If you have a table order_products(order_id, product_id, product_name, quantity), then product_name depends only on product_id, not on the full composite key (order_id, product_id). This is a partial dependency — violates 2NF. Fix it by extracting products(id, name).

Third Normal Form (3NF): No non-key column depends on another non-key column (no transitive dependencies).

-- Violates 3NF: zip_code determines city and state
orders(id, zip_code, city, state, total)

-- Satisfies 3NF: city/state stored once, referenced by zip
zip_codes(zip_code PRIMARY KEY, city, state)
orders(id, zip_code REFERENCES zip_codes, total)

In practice, strictly enforcing 3NF for things like zip codes is often overkill — you'd need to maintain a reference table for every derived value. Use judgment. The principle matters: avoid storing the same fact in multiple places.

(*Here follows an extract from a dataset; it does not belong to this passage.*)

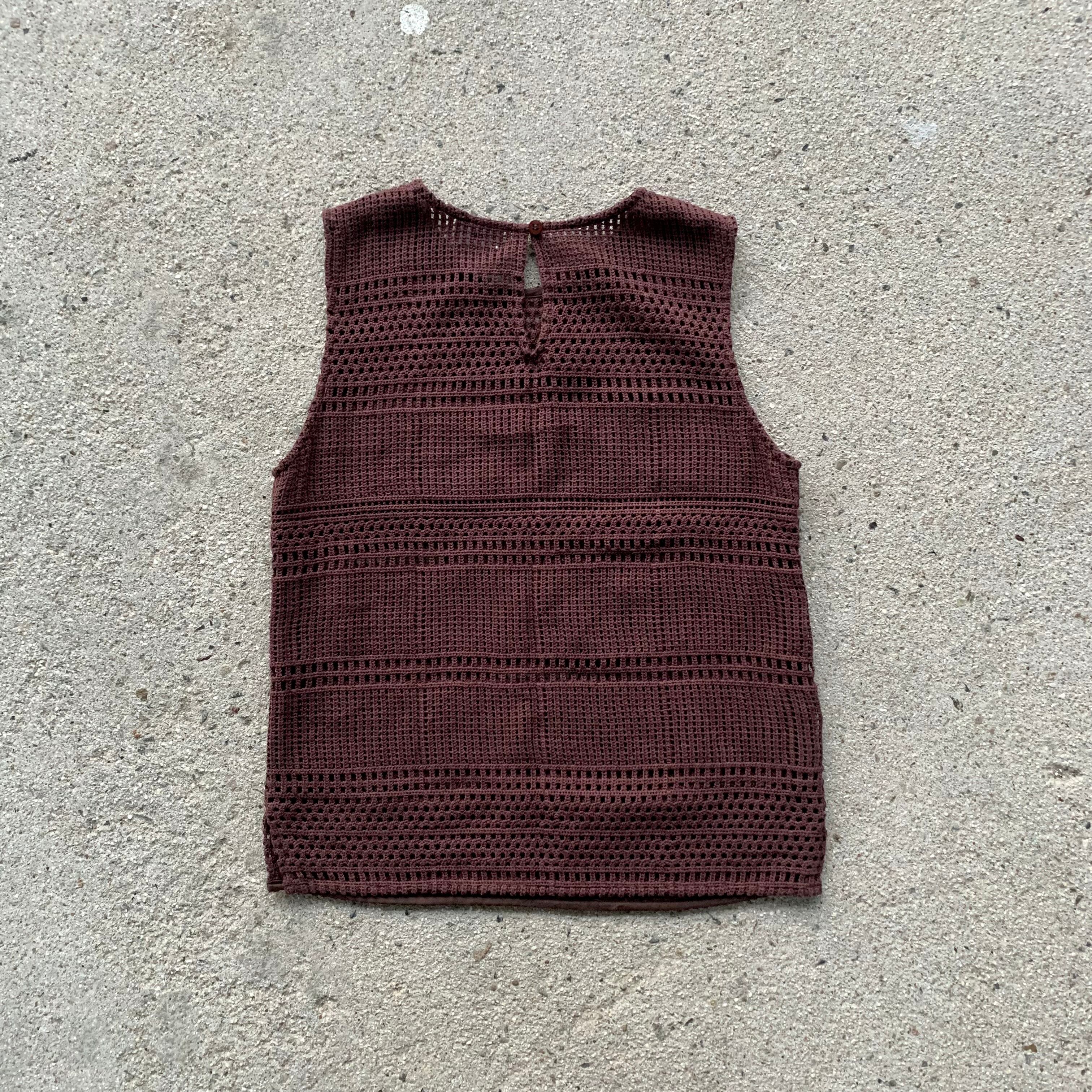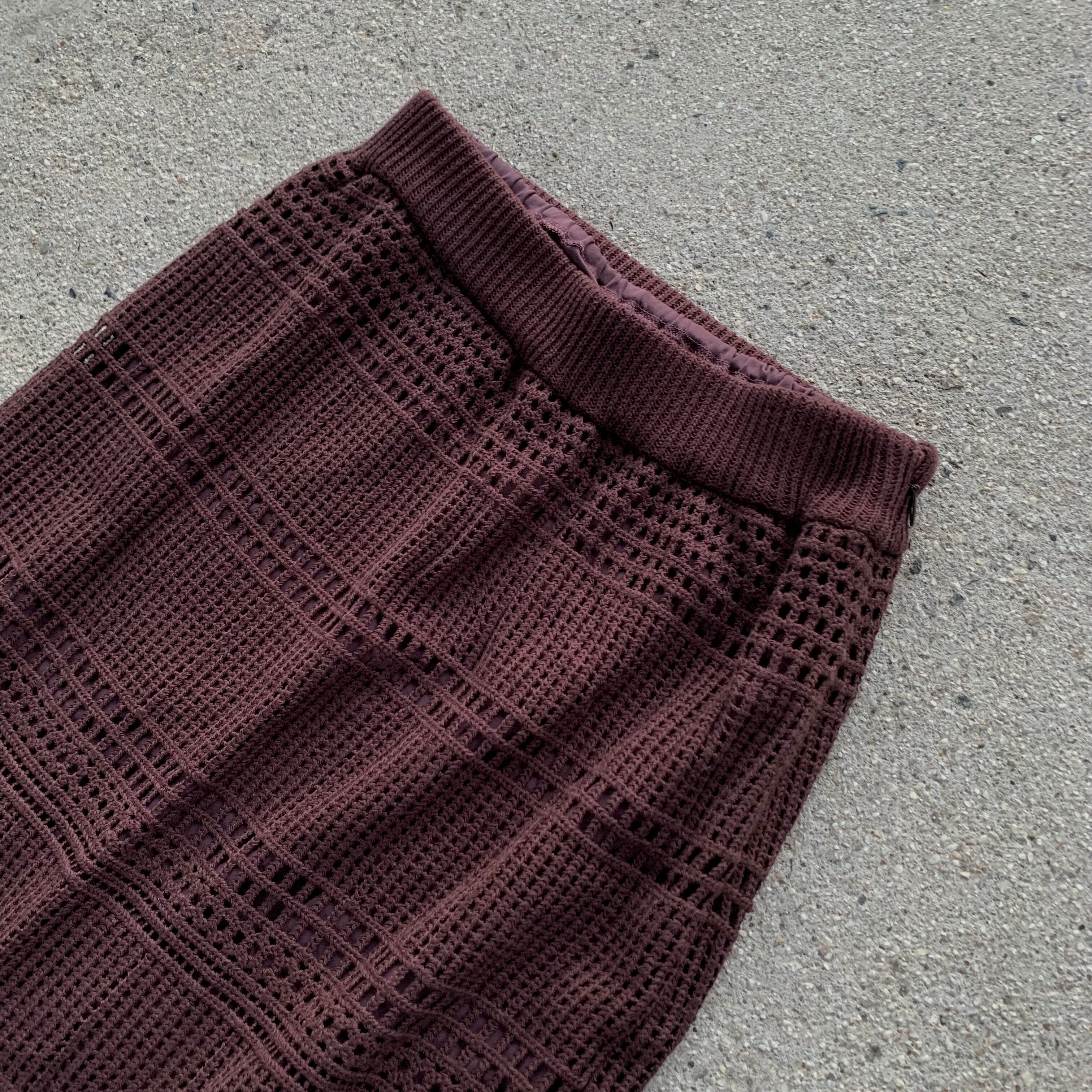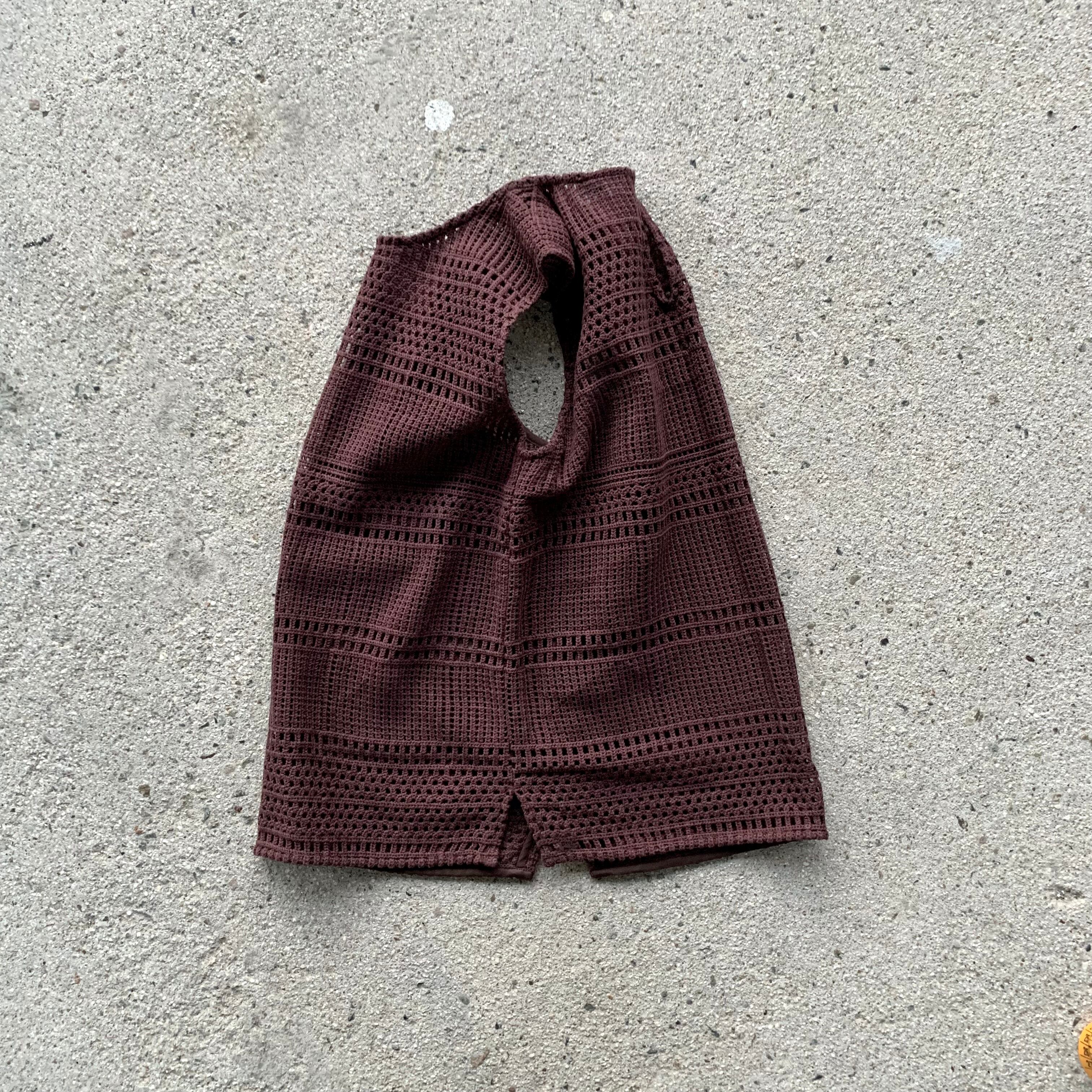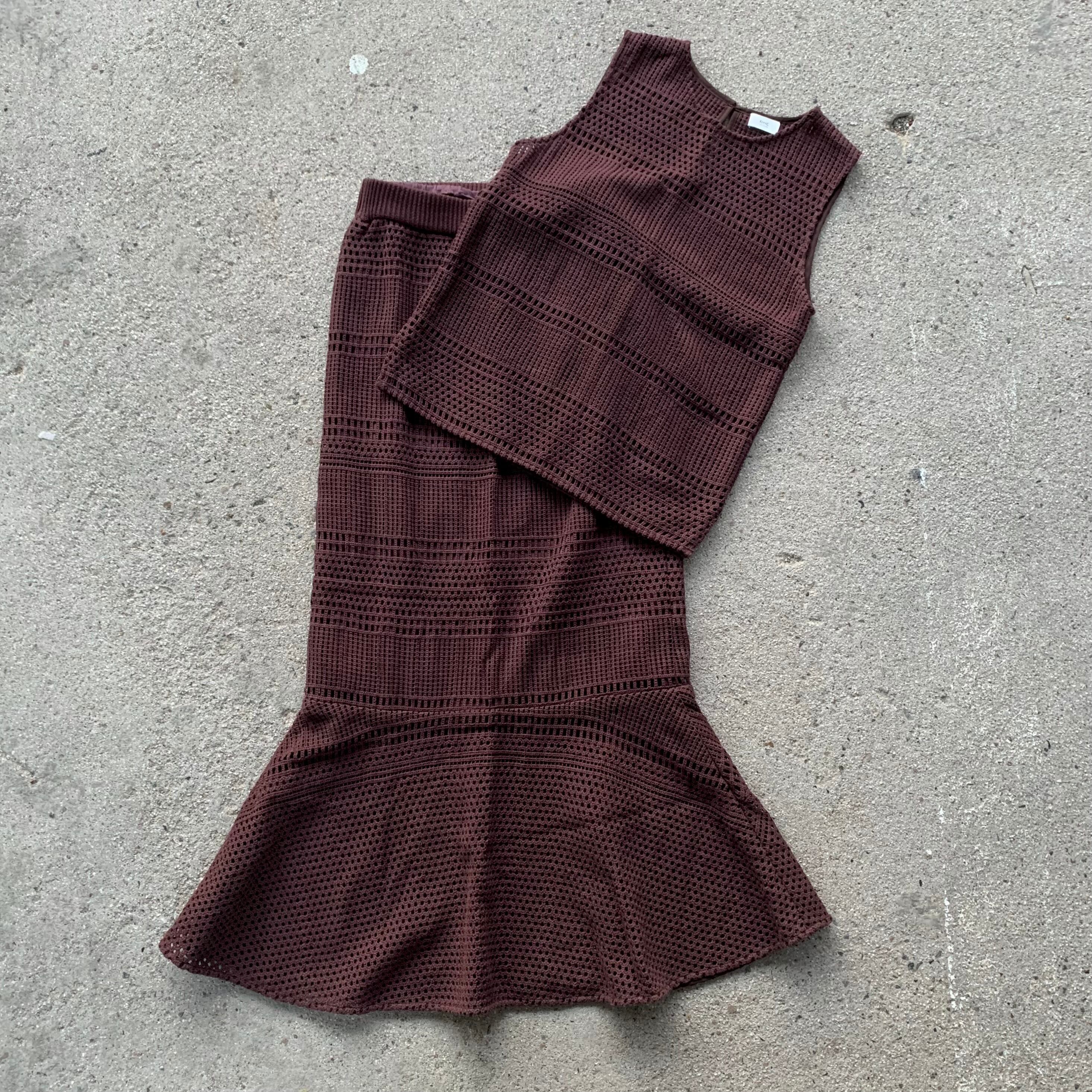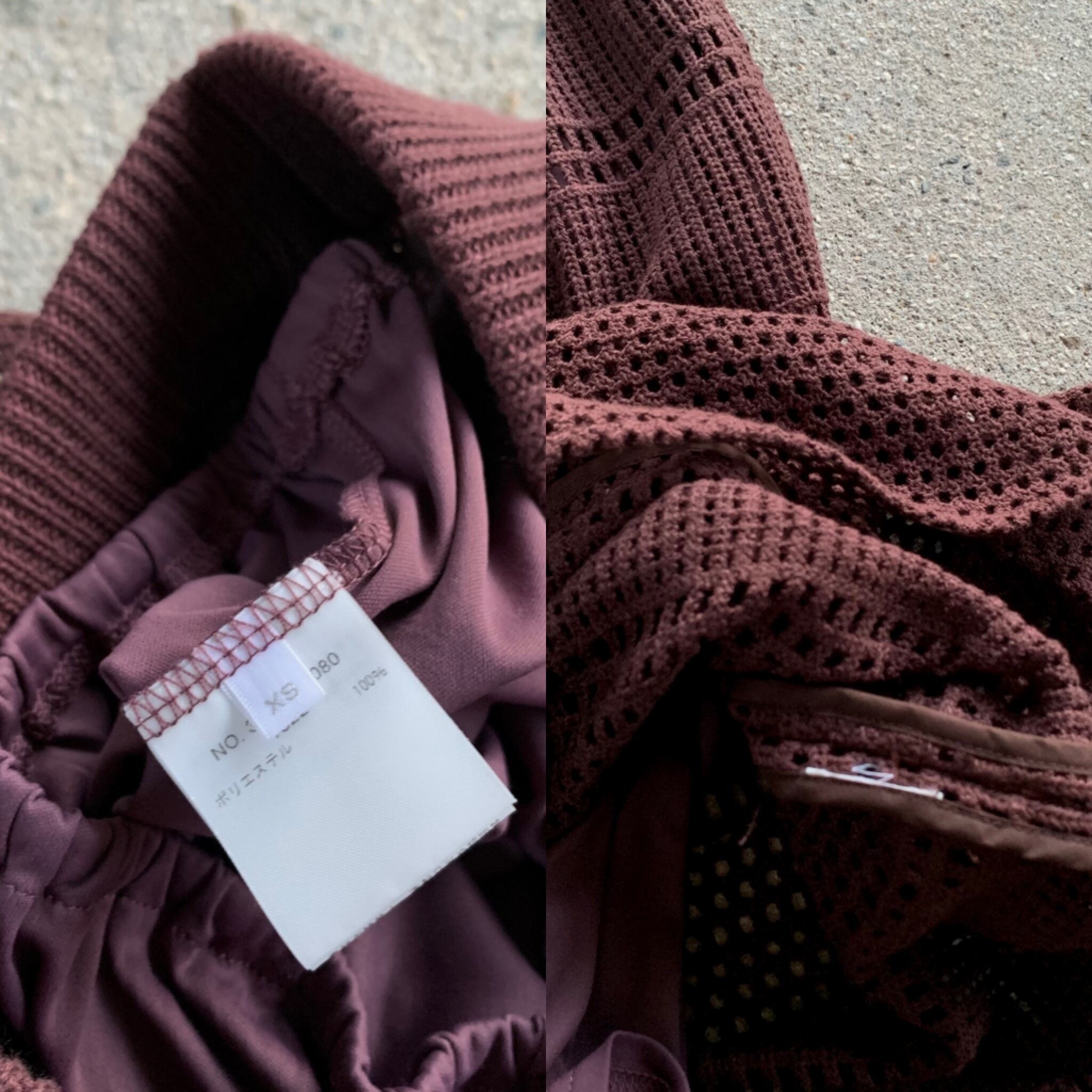 比較的目の詰まったカギ編みニットになり、秋や春先など過ごしやすい季節にほとんど対応できるニットセットアップアイテム。

The cost of denormalization

Update anomalies: A customer changes their address. If the address is stored in every order row, you need to update thousands of rows atomically. Miss one, and your data is inconsistent.

Redundant storage: Customer name and email stored in every invoice row. If you have 1 million invoices for 10,000 customers, you're storing each customer's name 100 times on average. This inflates table size, bloats backups, and wastes buffer pool space.

Query complexity: "Find all customers who changed their email since their first order" becomes a self-join or a subquery nightmare when emails are stored per-order. It's a trivial query when emails live in a customers table with an audit log.

When denormalization is actually correct

Normalization is not an absolute rule. Denormalization is sometimes the right choice, but it should be a deliberate architectural decision, not a default.

Read-heavy reporting tables: A data warehouse fact table storing pre-computed denormalized records for analytics queries is appropriate. You're trading write overhead (ETL processes) for read simplicity (no joins in analytics queries).

Performance-critical hot paths: If a query runs 100,000 times per second and the normalized version requires three joins, adding a redundant denormalized column with explicit application-level update logic may be warranted. Document this explicitly — it's technical debt with a known cost.

Event sourcing and audit logs: Immutable event records should store the state at the time of the event, not references to mutable entities. An order event should record the product name and price at purchase time, not reference the current product record.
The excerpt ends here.